Your task
Drop all images and give the records again exactly.

Entries shown

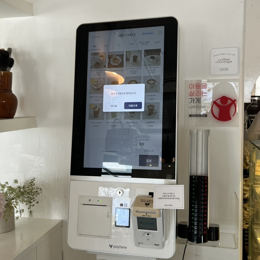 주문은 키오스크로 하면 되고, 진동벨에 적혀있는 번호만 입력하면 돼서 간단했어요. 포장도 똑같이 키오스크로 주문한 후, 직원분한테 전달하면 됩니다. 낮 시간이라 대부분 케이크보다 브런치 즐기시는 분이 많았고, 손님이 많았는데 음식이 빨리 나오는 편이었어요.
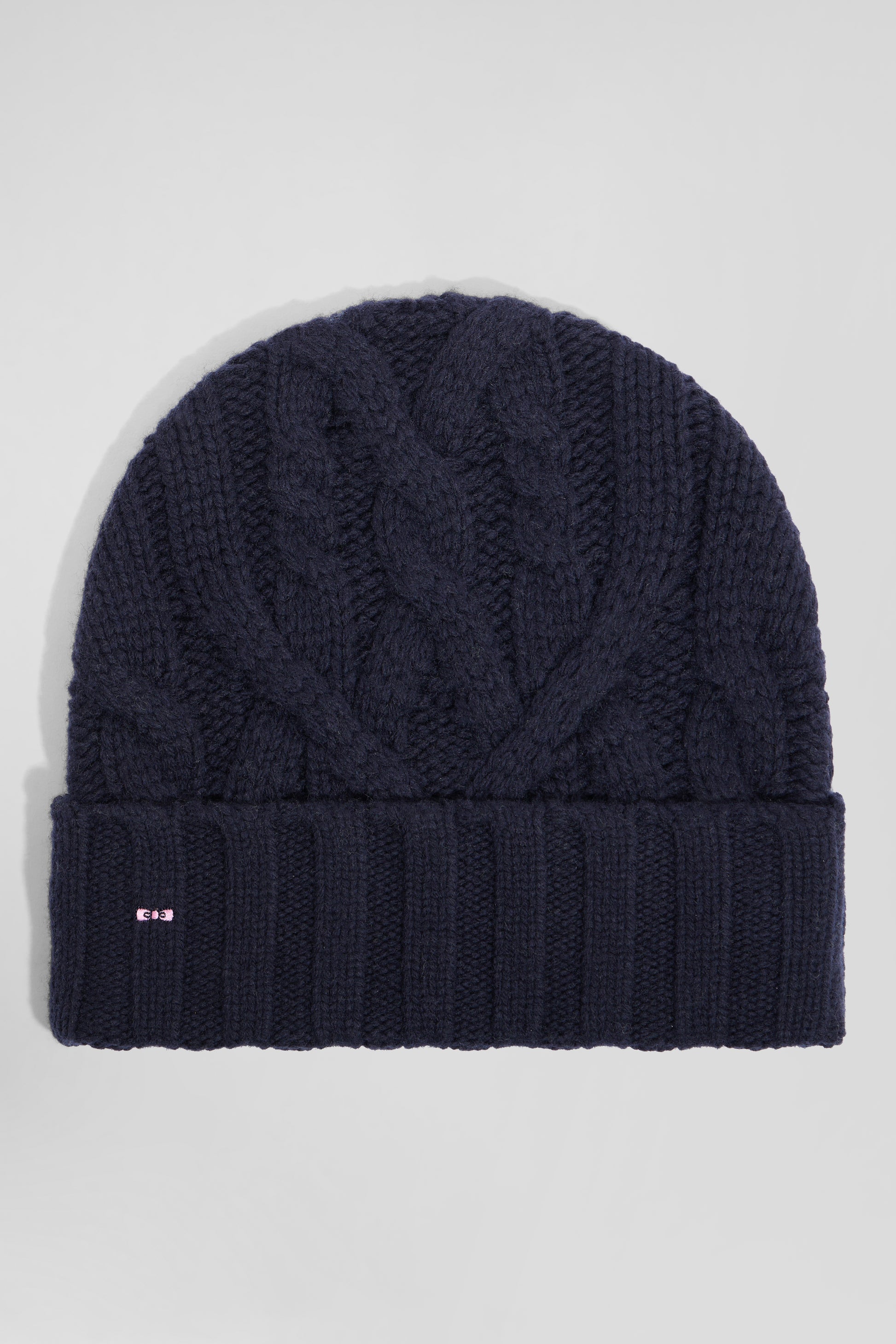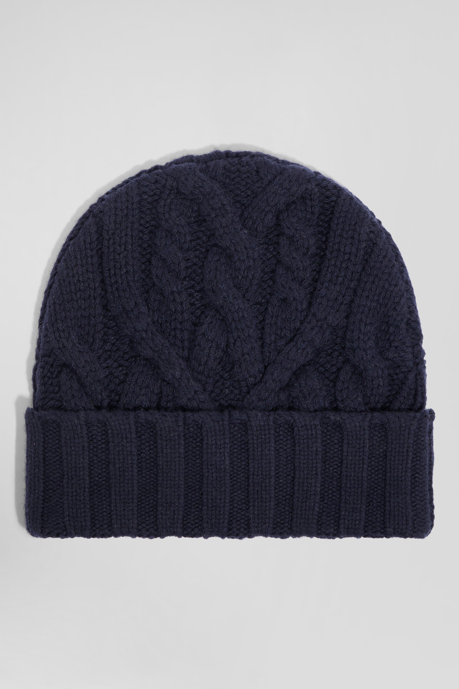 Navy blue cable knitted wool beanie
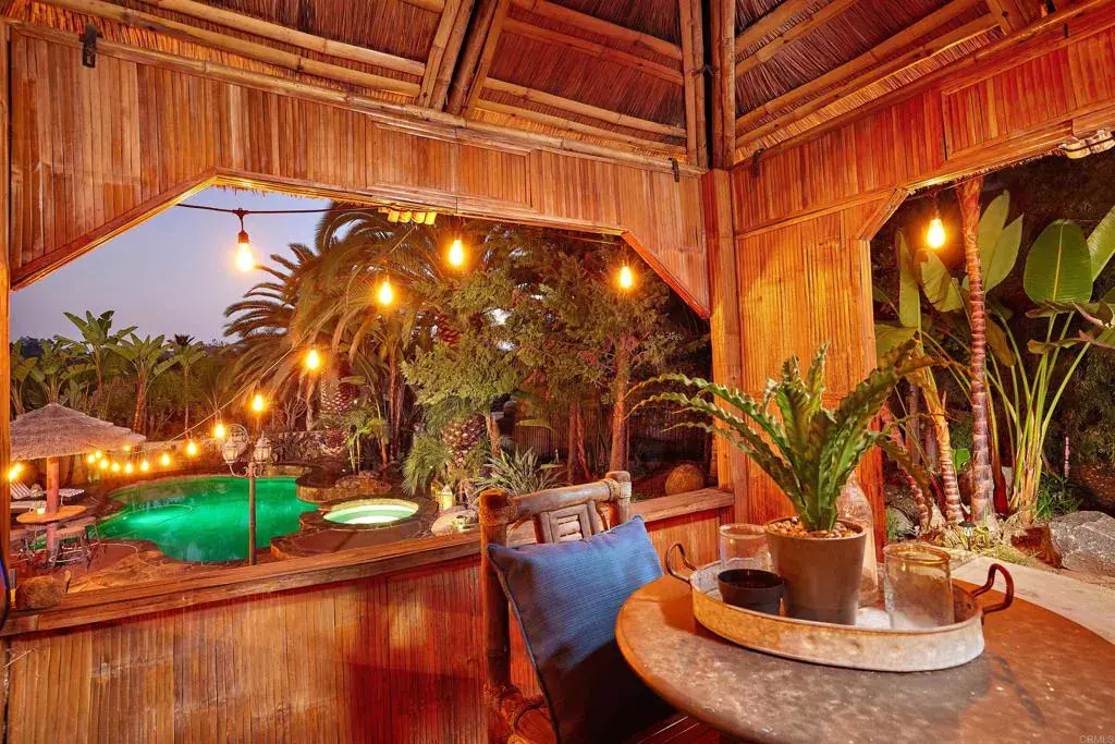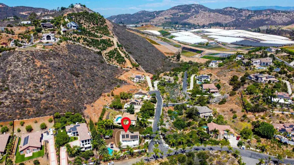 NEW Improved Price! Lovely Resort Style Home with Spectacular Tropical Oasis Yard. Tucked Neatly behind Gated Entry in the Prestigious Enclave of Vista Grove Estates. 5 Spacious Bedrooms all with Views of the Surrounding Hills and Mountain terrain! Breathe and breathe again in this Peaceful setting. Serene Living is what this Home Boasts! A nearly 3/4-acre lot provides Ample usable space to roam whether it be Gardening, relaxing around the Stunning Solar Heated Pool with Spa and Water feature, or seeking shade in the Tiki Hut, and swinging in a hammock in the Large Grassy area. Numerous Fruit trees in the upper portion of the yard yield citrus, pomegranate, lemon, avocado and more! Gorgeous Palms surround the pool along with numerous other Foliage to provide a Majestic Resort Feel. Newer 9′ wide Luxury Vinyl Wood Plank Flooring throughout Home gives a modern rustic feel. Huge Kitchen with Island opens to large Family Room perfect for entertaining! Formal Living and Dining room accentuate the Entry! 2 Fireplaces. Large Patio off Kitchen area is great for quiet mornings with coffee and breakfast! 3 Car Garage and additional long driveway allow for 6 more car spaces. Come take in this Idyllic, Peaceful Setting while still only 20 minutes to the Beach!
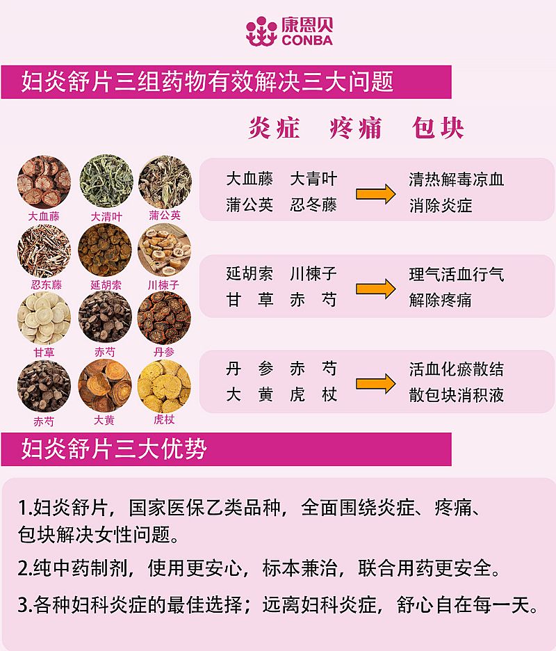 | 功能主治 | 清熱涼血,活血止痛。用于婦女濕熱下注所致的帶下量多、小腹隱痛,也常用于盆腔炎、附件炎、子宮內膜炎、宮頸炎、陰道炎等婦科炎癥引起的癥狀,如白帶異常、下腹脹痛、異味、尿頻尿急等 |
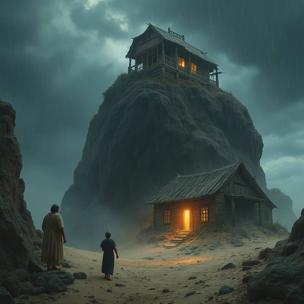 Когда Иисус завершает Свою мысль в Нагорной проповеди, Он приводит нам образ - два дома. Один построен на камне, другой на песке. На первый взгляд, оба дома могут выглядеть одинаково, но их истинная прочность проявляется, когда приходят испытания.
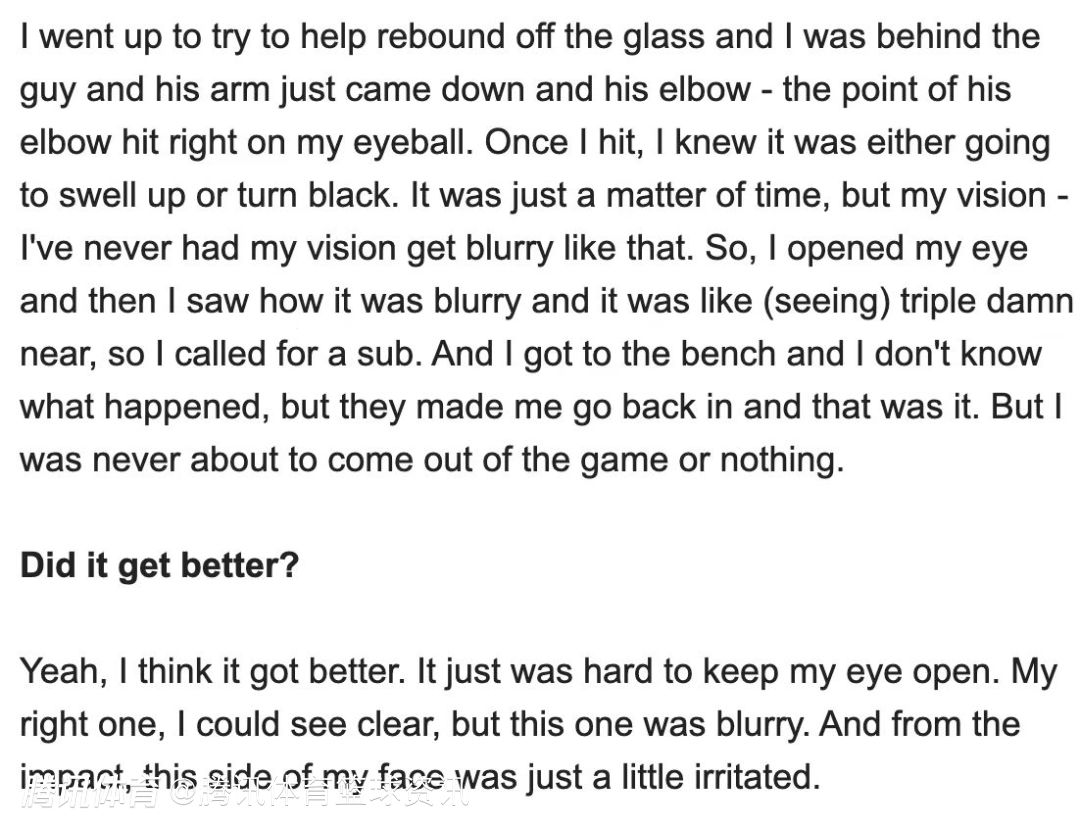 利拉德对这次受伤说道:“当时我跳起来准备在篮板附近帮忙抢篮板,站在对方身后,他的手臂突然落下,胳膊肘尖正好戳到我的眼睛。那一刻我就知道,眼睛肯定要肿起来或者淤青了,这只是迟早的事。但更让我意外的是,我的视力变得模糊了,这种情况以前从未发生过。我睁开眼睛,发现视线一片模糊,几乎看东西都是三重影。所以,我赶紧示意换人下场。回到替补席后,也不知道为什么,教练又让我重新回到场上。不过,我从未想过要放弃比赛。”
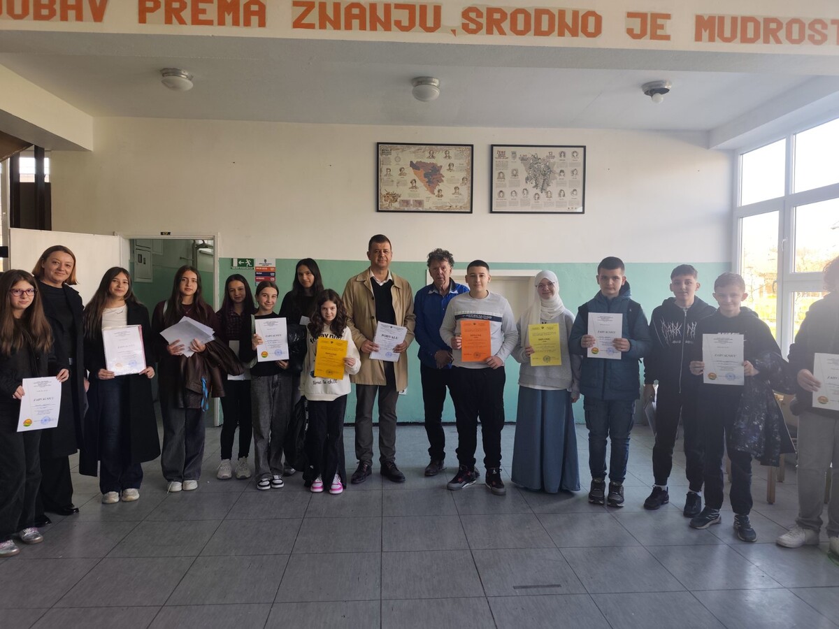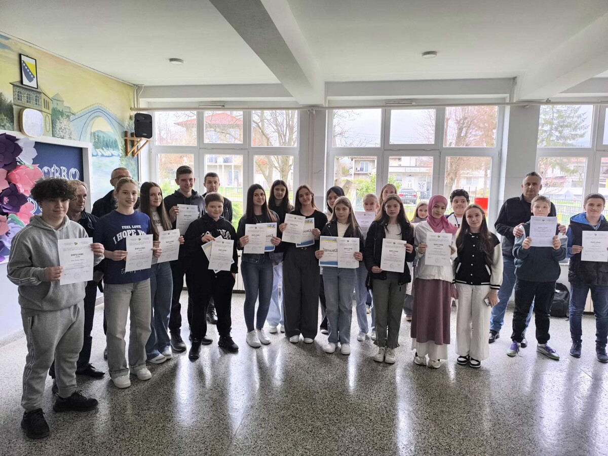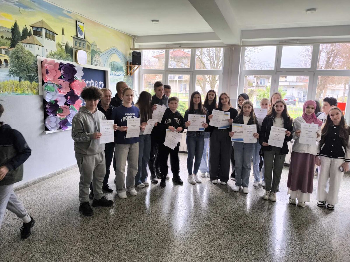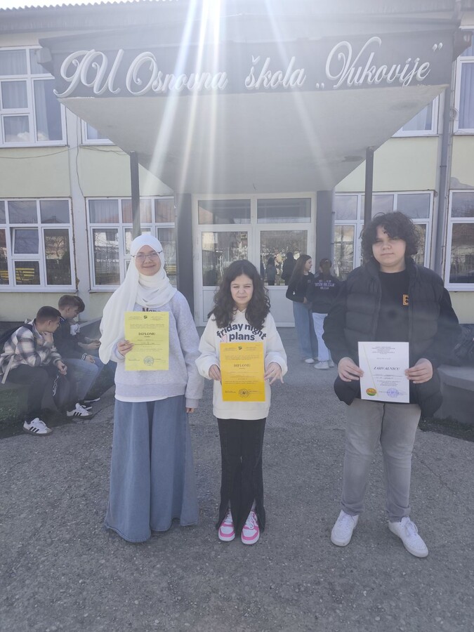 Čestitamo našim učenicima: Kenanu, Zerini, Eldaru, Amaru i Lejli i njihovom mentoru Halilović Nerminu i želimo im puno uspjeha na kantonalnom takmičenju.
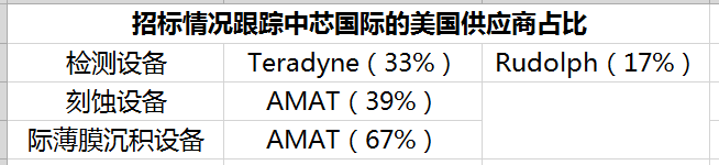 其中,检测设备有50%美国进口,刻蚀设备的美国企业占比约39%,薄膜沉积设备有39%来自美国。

The answer
 주문은 키오스크로 하면 되고, 진동벨에 적혀있는 번호만 입력하면 돼서 간단했어요. 포장도 똑같이 키오스크로 주문한 후, 직원분한테 전달하면 됩니다. 낮 시간이라 대부분 케이크보다 브런치 즐기시는 분이 많았고, 손님이 많았는데 음식이 빨리 나오는 편이었어요.
 Navy blue cable knitted wool beanie
 NEW Improved Price! Lovely Resort Style Home with Spectacular Tropical Oasis Yard. Tucked Neatly behind Gated Entry in the Prestigious Enclave of Vista Grove Estates. 5 Spacious Bedrooms all with Views of the Surrounding Hills and Mountain terrain! Breathe and breathe again in this Peaceful setting. Serene Living is what this Home Boasts! A nearly 3/4-acre lot provides Ample usable space to roam whether it be Gardening, relaxing around the Stunning Solar Heated Pool with Spa and Water feature, or seeking shade in the Tiki Hut, and swinging in a hammock in the Large Grassy area. Numerous Fruit trees in the upper portion of the yard yield citrus, pomegranate, lemon, avocado and more! Gorgeous Palms surround the pool along with numerous other Foliage to provide a Majestic Resort Feel. Newer 9′ wide Luxury Vinyl Wood Plank Flooring throughout Home gives a modern rustic feel. Huge Kitchen with Island opens to large Family Room perfect for entertaining! Formal Living and Dining room accentuate the Entry! 2 Fireplaces. Large Patio off Kitchen area is great for quiet mornings with coffee and breakfast! 3 Car Garage and additional long driveway allow for 6 more car spaces. Come take in this Idyllic, Peaceful Setting while still only 20 minutes to the Beach!
 | 功能主治 | 清熱涼血,活血止痛。用于婦女濕熱下注所致的帶下量多、小腹隱痛,也常用于盆腔炎、附件炎、子宮內膜炎、宮頸炎、陰道炎等婦科炎癥引起的癥狀,如白帶異常、下腹脹痛、異味、尿頻尿急等 |
 Когда Иисус завершает Свою мысль в Нагорной проповеди, Он приводит нам образ - два дома. Один построен на камне, другой на песке. На первый взгляд, оба дома могут выглядеть одинаково, но их истинная прочность проявляется, когда приходят испытания.
 利拉德对这次受伤说道:“当时我跳起来准备在篮板附近帮忙抢篮板,站在对方身后,他的手臂突然落下,胳膊肘尖正好戳到我的眼睛。那一刻我就知道,眼睛肯定要肿起来或者淤青了,这只是迟早的事。但更让我意外的是,我的视力变得模糊了,这种情况以前从未发生过。我睁开眼睛,发现视线一片模糊,几乎看东西都是三重影。所以,我赶紧示意换人下场。回到替补席后,也不知道为什么,教练又让我重新回到场上。不过,我从未想过要放弃比赛。”
 Čestitamo našim učenicima: Kenanu, Zerini, Eldaru, Amaru i Lejli i njihovom mentoru Halilović Nerminu i želimo im puno uspjeha na kantonalnom takmičenju.
 其中,检测设备有50%美国进口,刻蚀设备的美国企业占比约39%,薄膜沉积设备有39%来自美国。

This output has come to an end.